In one aspect the present invention provides a high affinity humanized monoclonal antibody that specifically binds CCR4 proteins that modulates T-cell recruitment without inducing lymphocyte depletion. Binding of this antibody to the CCR4 receptor, interrupts ligand or agonist binding of CCR4. Exemplary ligands or agonists that compete for binding to the CCR4, and which are blocked in the presence of the invented antibody, include, but are not limited to, CCL17, CCL22, and vMIP-III. By a variety of mechanisms, the antibody may decrease ligand-induced chemotaxis of CCR4-expressing cells, such as cutaneous T cell lymphoma cells (CTCL cells) or ovarian cancer cells. The CCR4− IgG4 antibody is monovalent or bivalent and comprises a single or double chain. The CCR4− IgG4 antibody may also be a bi-specific antibody, wherein at least one of the heavy-light chain heterodimers recognizes CCR4. Functionally, the binding affinity of the CCR4− IgG4 antibody is about 1.5 nMor less. The glycosylation of the Fc region of the antibody is modified to alter CCR4 binding or CCR4 ligand-blocking characteristics. For instance, the fucose content of the Fc region is decreased compared to wild type. Furthermore, the antibody comprises a therapeutic agent including, but not limited to, a toxin, a radiolabel, a siRNA, or a cytokine.

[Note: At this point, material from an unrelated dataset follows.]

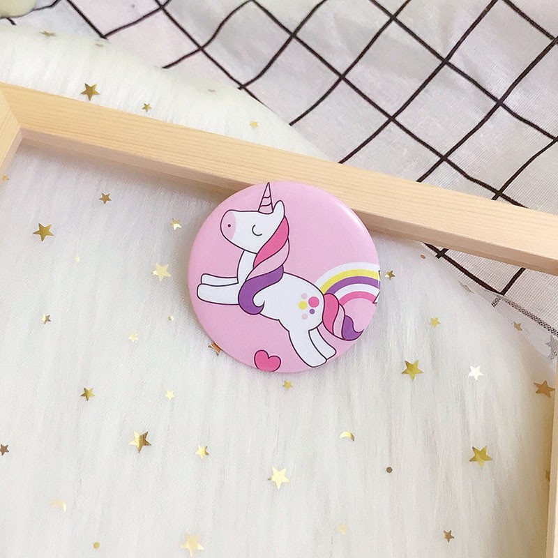 Giới thiệu Gương trang điểm mini bỏ túi hình tròn họa tiết kỳ lân dễ thương

The CCR4− IgG4 modulates T cell migration and activity. Specifically, the CCR4− IgG4 can block, inhibit or decrease the migration of Tregs toward CCL ligands and as a result reduce the suppressor activity of Tregs, for example, regulatory T cell-mediated suppression of T cell activity. In another aspect, the CCR4− IgG4 can augment an immune response to an antigen. For example, the CCR4− IgG4 increases antigen-specific T cell activity. In other aspects, the CCR4− IgG4 restores or increases T cell proliferation, for example, effector T cell proliferation. In a further aspect, the CCR4− IgG4 activates T cells to secrete cytokines, such as IFN-γ. The CCR4− IgG4 also has a potent immunomodulation effect on regulatory T cells and effector T cells, resulting in inhibition of Treg recruitment to the tumor tissue and consequent activation of effector T cells against the tumor cells.

Unlike the previously described CCR4− IgG1, CCR4− IgG4 described herein does not induce cell death by complement-dependent cytotoxicity (CDC), antibody-dependent cellular toxicity (ADCC), antibody dependent cellular phagocytosis (ADPC), or any other known mechanism.

The nucleic acid and amino acid sequence of the engineered CCR4− IgG4 antibody is provided below in Tables 1A-2B.

Another aspect of the current invention, includes a stabilized version of the CCR4− IgG4 monoclonal antibody, wherein amino acid substitutions in the hinge region allows for antibodies that do not undergo in vivo Fab arm exchange, resulting in more efficient antibody binding.